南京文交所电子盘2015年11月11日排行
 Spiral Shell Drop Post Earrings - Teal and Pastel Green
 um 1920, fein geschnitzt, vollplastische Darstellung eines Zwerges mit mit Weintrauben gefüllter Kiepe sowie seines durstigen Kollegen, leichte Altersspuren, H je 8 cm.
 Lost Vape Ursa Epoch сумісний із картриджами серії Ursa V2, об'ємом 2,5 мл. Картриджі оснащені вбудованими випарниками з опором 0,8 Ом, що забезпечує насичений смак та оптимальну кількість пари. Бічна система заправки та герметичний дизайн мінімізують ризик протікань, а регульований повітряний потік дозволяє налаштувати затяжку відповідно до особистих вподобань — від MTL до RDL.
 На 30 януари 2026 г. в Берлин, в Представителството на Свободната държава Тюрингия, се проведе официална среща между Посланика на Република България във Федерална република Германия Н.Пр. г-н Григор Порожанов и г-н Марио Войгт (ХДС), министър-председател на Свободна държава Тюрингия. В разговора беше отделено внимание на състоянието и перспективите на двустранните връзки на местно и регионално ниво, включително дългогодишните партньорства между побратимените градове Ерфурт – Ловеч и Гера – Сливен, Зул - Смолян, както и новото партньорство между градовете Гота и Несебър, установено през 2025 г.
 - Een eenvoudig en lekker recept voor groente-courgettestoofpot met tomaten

========================================================================

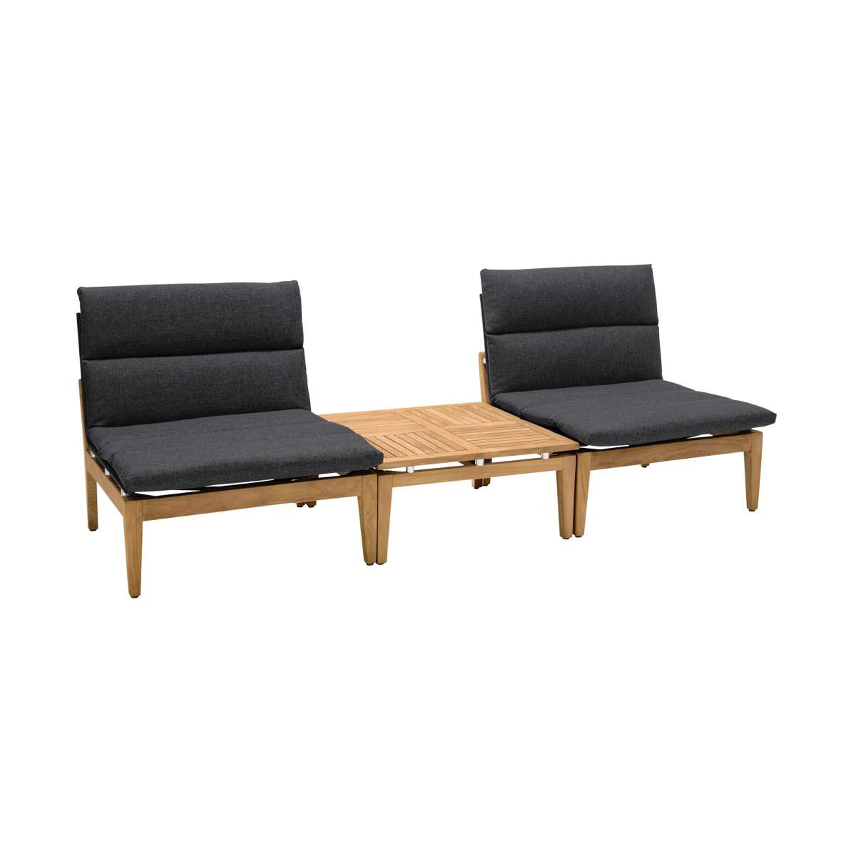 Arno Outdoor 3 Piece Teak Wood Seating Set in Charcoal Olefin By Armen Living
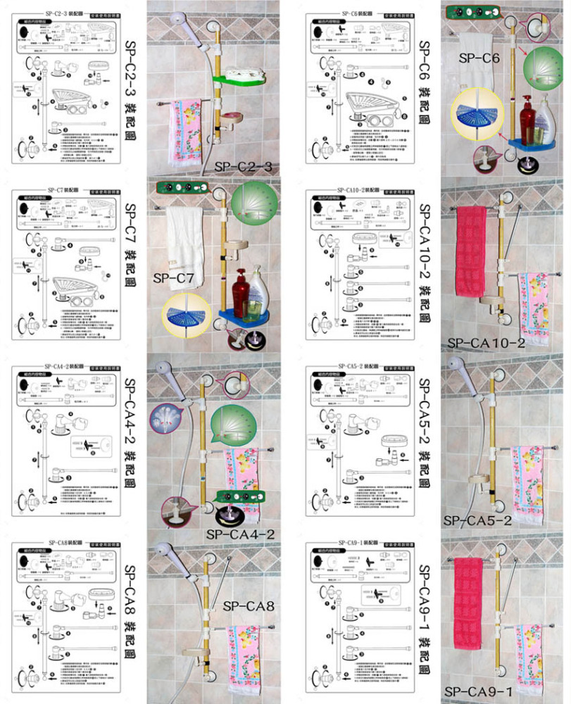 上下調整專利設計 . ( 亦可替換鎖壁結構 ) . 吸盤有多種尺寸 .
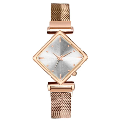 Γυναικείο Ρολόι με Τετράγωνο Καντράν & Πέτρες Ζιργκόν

========================================================================

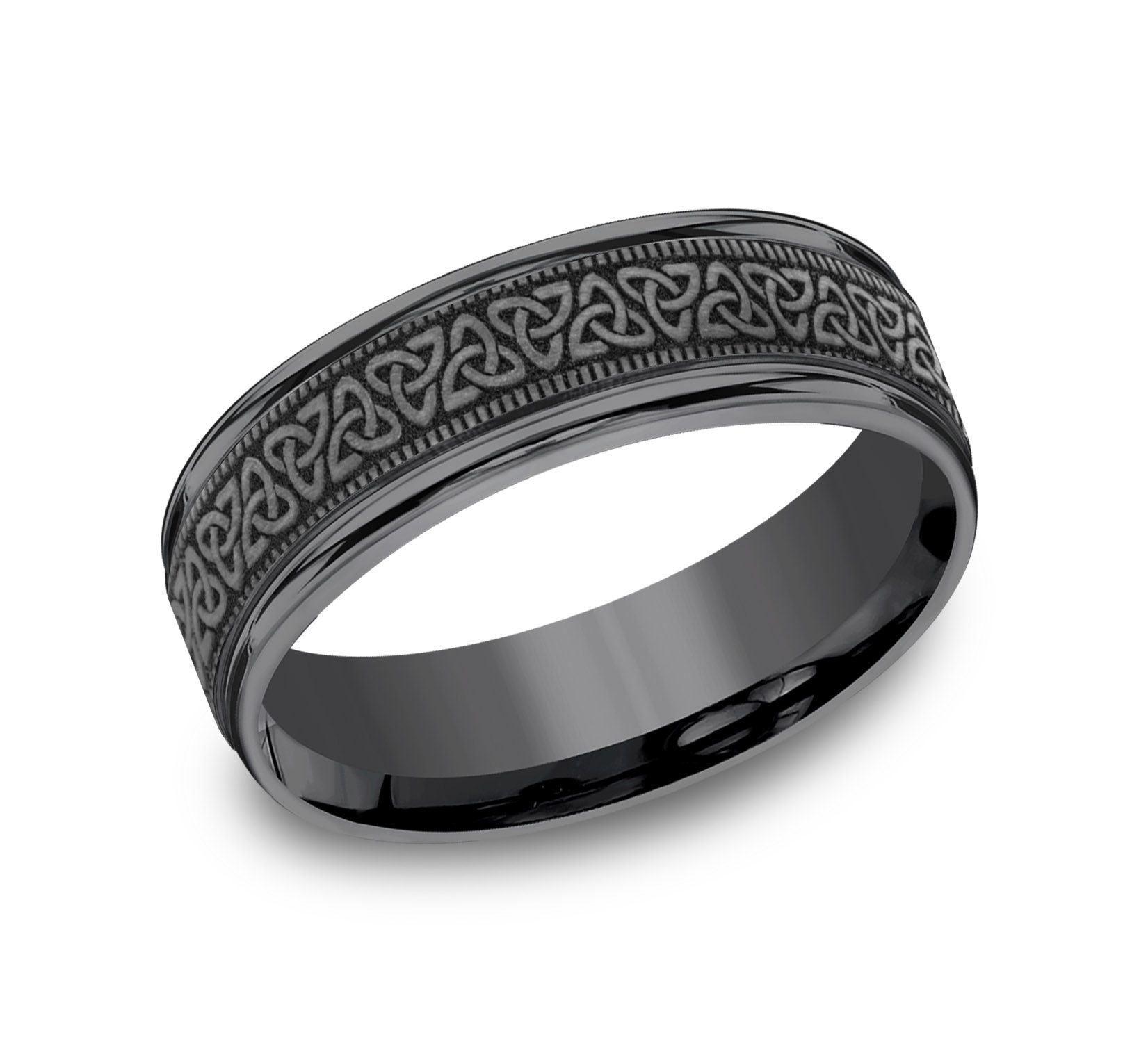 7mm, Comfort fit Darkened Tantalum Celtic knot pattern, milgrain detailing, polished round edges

========================================================================

■ **WORK REQUIRED**: Output, from the data above, the lines from the line with "南京文交所电子盘2015年11月11日排行" to the line with "um 1920, fein" exactly as they stand, both ends included and nothing else.

■ **RESULT OF THE EXERCISE**:
南京文交所电子盘2015年11月11日排行
 Spiral Shell Drop Post Earrings - Teal and Pastel Green
 um 1920, fein geschnitzt, vollplastische Darstellung eines Zwerges mit mit Weintrauben gefüllter Kiepe sowie seines durstigen Kollegen, leichte Altersspuren, H je 8 cm.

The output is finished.